Wounds are interesting. Forgiveness is interesting. Why is it that in my head those two things are tied to an action that happens and then is done with? Like eating a sand which. Or buying your kid that toy at the store. But real wounds are messy. Real forgiveness is messy. Wounds are more than just the moment when you get hurt. It's the days, weeks, years of healing. Why is it that I think that forgiveness shouldn't be repetitive? That there's something wrong with giving it back to God again and again? If life is a journey, then why not forgiveness?

Earlier this year I felt hurt by the actions of a coworker. I talked to her, told her how I felt, and we agreed to move on. I didn't have to agree with her choice in order to forgive her in my heart. After the talk I felt complete peace about the situation...for about a week. Until there was a new reason to remember an old hurt.  God, with the ultimate sense of humor, kept putting her in my path. And so back I went towards forgiveness which I thought was quite the done deal by now. And back. And back. At every reminder of the original hurt.

Just the other day I sighed a happy sigh because although our relationship is very different than years previous (and I have no inclination to change that), I had finally gotten to a place where my head and and my heart could finally agree to move on.

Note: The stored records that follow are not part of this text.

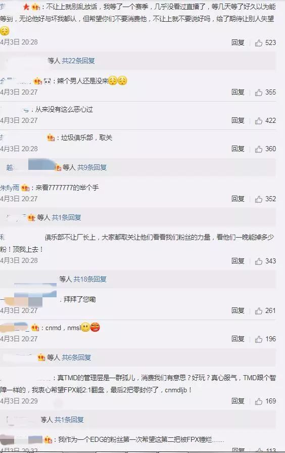 然而到比賽結(jié)束都并沒有見到萬眾期待的廠長的身影,賽后EDG的微博遭到粉絲們憤怒的圍剿,不少人認(rèn)為EDG故意炒作,利用廠長消費粉絲。說好了上場,結(jié)果卻只是煙霧彈,也就是說他只是EDG戰(zhàn)隊的噱頭,確實這場比賽因為廠長復(fù)出的消息獲得了很多人氣,可這樣的做法還是讓EDG粉絲,以及廠長粉絲很是傷心,讓許多期待已久的粉絲們感到非常失望。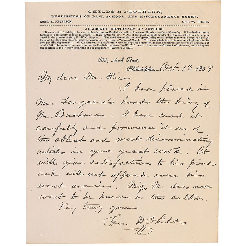 Publisher (1829–1894) who co-owned the Philadelphia Public Ledger newspaper with financier Anthony Joseph Drexel. ALS signed “Geo. W. Childs,” one page, 6.25 x 8, Child & Peterson letterhead, October 13, 1859. Letter to Mr. Rice. In part: “I have placed in Mr. Longacre’s hands the biog of Mr. Buchanan. I have read it carefully and pronounce it one of the ablest and most disseminating in your great work.” Intersecting folds, one through a single letter of signature, and a uniform shade of mild toning, otherwise fine condition. RRAuction COA.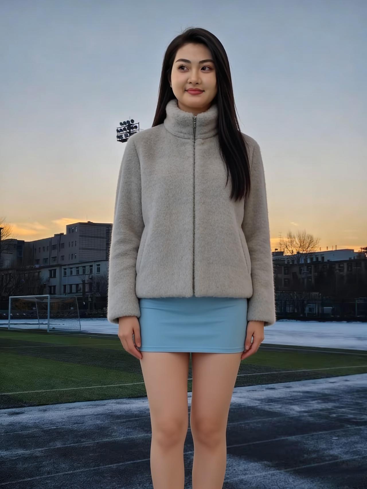 雪还在檐角悬着, 风把最后一片云揉碎, 你站在操场的跑道上, 像一捧刚从晨光里取出的暖。 ~ 浅灰的绒衣裹着颈间的软, 天蓝短裙却敢吻着霜的边缘, 长发垂落,是未被惊扰的墨色, 眼波里盛着半片未融的霞。 ~ 有人在远处踢着空门, 你却把整个冬天的冷, 都穿成了自己的背景。

And then something happened this morning to rip that scab right off. It makes me sad that this will yet change our relationship even more. There is a time and a place for everything and our friendship will move towards simply a professional one. But I will release the hurt once again. I will release her once again. I will know that I am loved by a big and incredible God and that nothing can change that. God loves me like crazy and that is why I can be okay with knowing that God loves her just as deeply. Feelings are meant to be acknowledged, just not bowed to. God knows that it hurts me to forgive and I know that it's the only way to move forward, even if my 'forward' comes with a few steps backwards mixed in. 

Thursday, May 25, 2017

Chaos and mayhem and pasta




Anyone had one of these days recently? Being a pastor’s wife, Sunday often has me outnumbered in the fight for a civilized world. 



I do my best to counteract it—lunch is hummus and picnic goods and dinner is always pasta and spaghetti sauce to keep my sanity afloat. 


Back in the dark ages (okay like 6 months ago) I used to slave away Sunday morning trying to scrounge up some form of after church meal Martha Stewart worthy until my husband finally knocked some sense into me and convinced me that while our children might not suffer too badly forgoing a weekly pot roast (and let’s be honest—three fourths of the time I’d forgotten to either grab the meat out of the freezer to thaw or to actually prepare the crockpot more than five minutes before we walked out the door) , they just might suffer from dangerously crabby mom syndrome. Can I please get an amen?



 So simple and repeated meals became the law of the land and I haven’t look back since. Except, maybe, when I see Isaline covered in red sauce despite all my best full body bib efforts. Alas. Sigh. Momma said there’ll be days like this. 


Wednesday, May 10, 2017

On Lent



Before you think that I’m going to pull any holier than thou stuff on you, you should probably know that just last week while walking home from Livia’s school I discovered a spoon floating around in my blouse. Said spoon had somehow been dropped in by my one year old while I was holding her and getting ready to leave the house about an hour an a half prior. So yes, I had walked to her school, chatted in detail with her teacher and had managed to get about halfway home all before I realized that a spoon had accompanied me. And before you think that it’s an isolated incident, just know that I collect spoon incidents (not to be confused with the false rumor the I collect small spoons but I digress) about every other day. Clearly, I have issues. Clearly, I do not have my stuff altogether.
Now that confessional is over, lets move on to lent (I’m in a Catholic mood today, I guess). Recently my husband, Matt, and I decided to experiment with Lent this year. I know that Easter feels long behind us, but it’s taken me a little while to get my thoughts together on this (I blame mommy brain and sleep deprivation). As an evangelical protestant, I had never actually done Lent before now. For those of you not really familiar with it, Lent is the 40 day period leading up to Easter Sunday every year. The idea is to choose to take out something (or somethings) during that time that you feel is taking an unhealthy presence in your life and to replace it with more of what is supposed to be there, i.e. God. Not that the ‘something’ in and of itself is bad but the priority that it’s taking in your life is unhealthy.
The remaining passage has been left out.